Enfin la participation des trois ministres de la République, Stéphane Le Foll (Agriculture), Guillaume Garot (Agroalimentaire), Philippe Martin (Écologie), aux États généraux de l’Agriculture, organisés par la FNSEA le 21 février 2014, juste après la menace lancée par Xavier Beulin quelques jours auparavant : « Il ne faut pas grand-chose pour mettre des milliers d’agriculteurs dans la rue ; ces États généraux, c’est un peu ceux de la dernière chance. C’était ça ou la chienlit »

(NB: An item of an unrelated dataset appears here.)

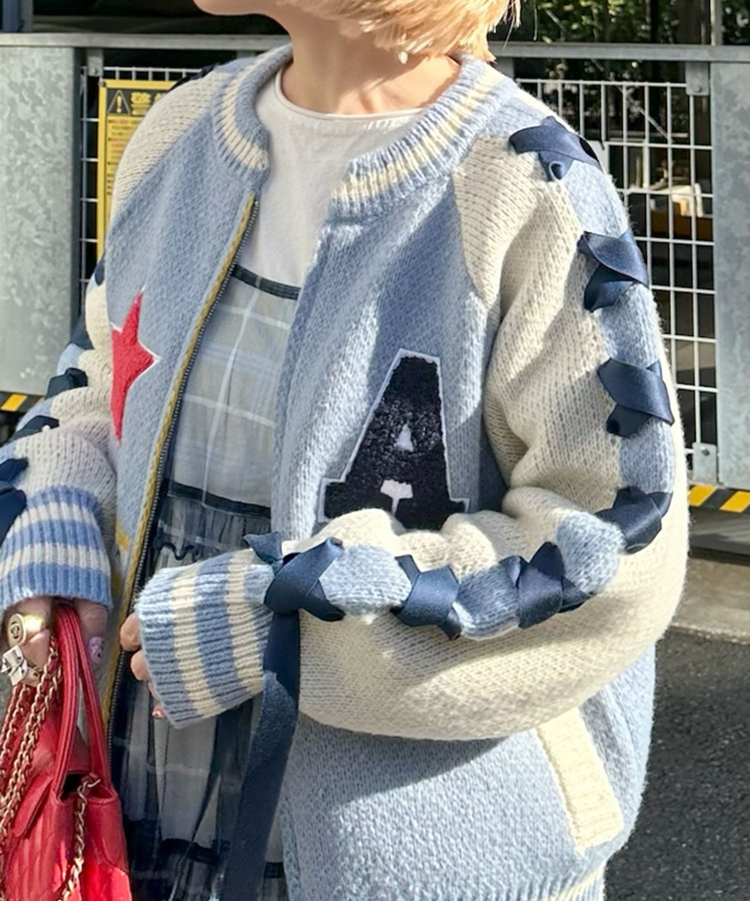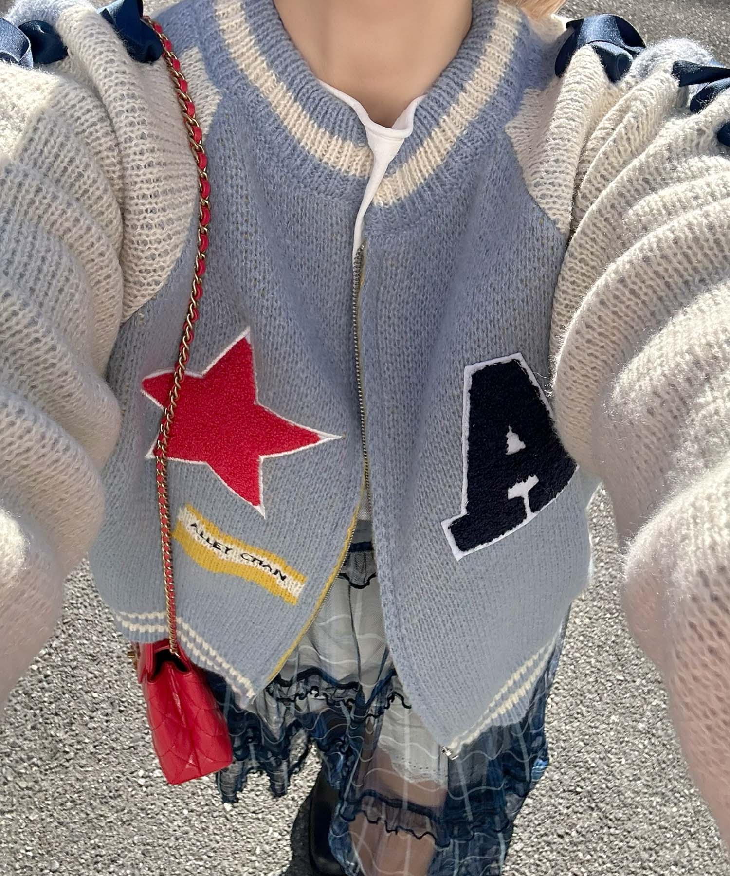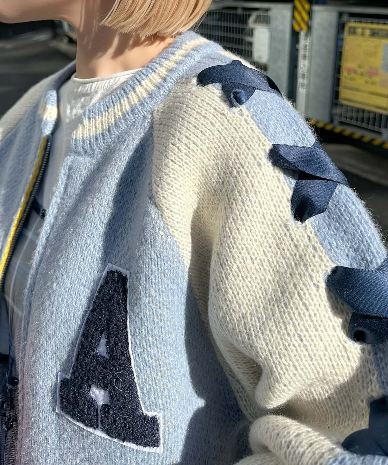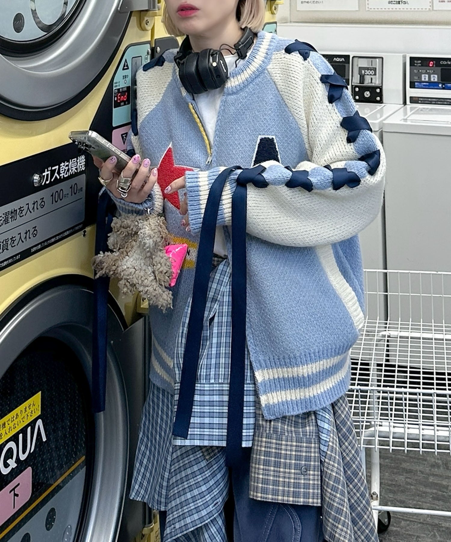 袖リボンALLEYニットスタジャン【サックスブルー】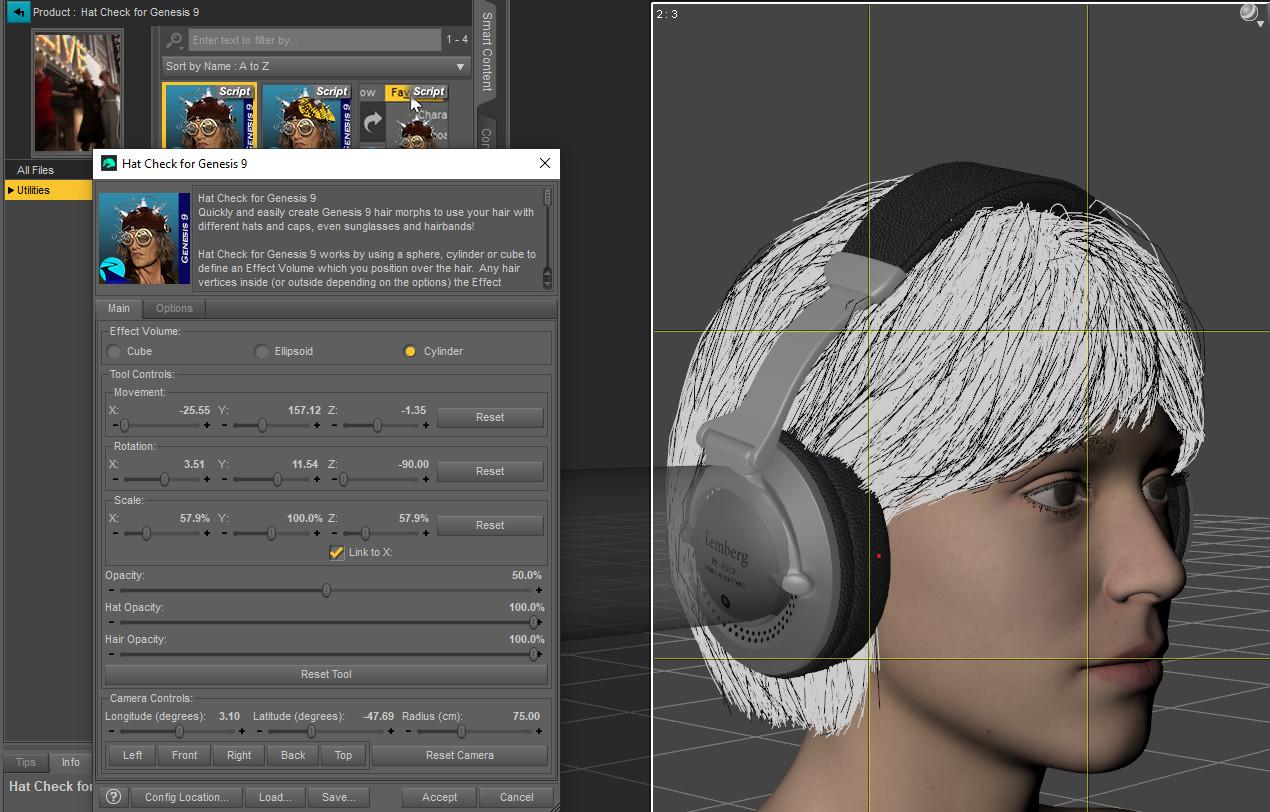 I don't know if I did something wrond while using it with Daz Studio 4.24 on Windows, and I'm not completely sure what cause the problem, but when I tried to use Hat Check with a cylinder (to create morphs for a headset) I encountered a strange behaviour.

Les dérives pour le moins ultra-droitières de la FNSEA se succèdent avec trop de régularité pour qu’elles soient le fruit du hasard. L’intervention des troupes de Xavier Beulin à Sivens fait parfaitement l’affaire du gouvernement. Petits arrangements entre amis ? Cela irait dans le sens de l’analyse de Yannis Youlountas… (voir l’article sur Sivens en page 13). De là à penser qu’un accord aurait été passé entre Hollande et Beulin, le premier donnant satisfaction au second quant à « l’ultra-libéralisation » de l’agriculture française, le second offrant au premier la mise à disposition de sa force de frappe (à moins que cela ne soit le contraire !…), il y a un petit fleuve côtier que certains n’hésitent pas à franchir.


Notes
(1) Voir l’article publié par Basta mag le 26 juin 2013, « La FNSEA expulse des gens du voyage avec du lisier » : http://bit.ly/1GyiqyK
(2) Minga, Uravif (Union régionale des associations pour la promotion et la reconnaissance des droits des Tsiganes et Gens du voyage en Île-de-France) et l’Halem (Habitants de Logements Éphémères ou Mobiles).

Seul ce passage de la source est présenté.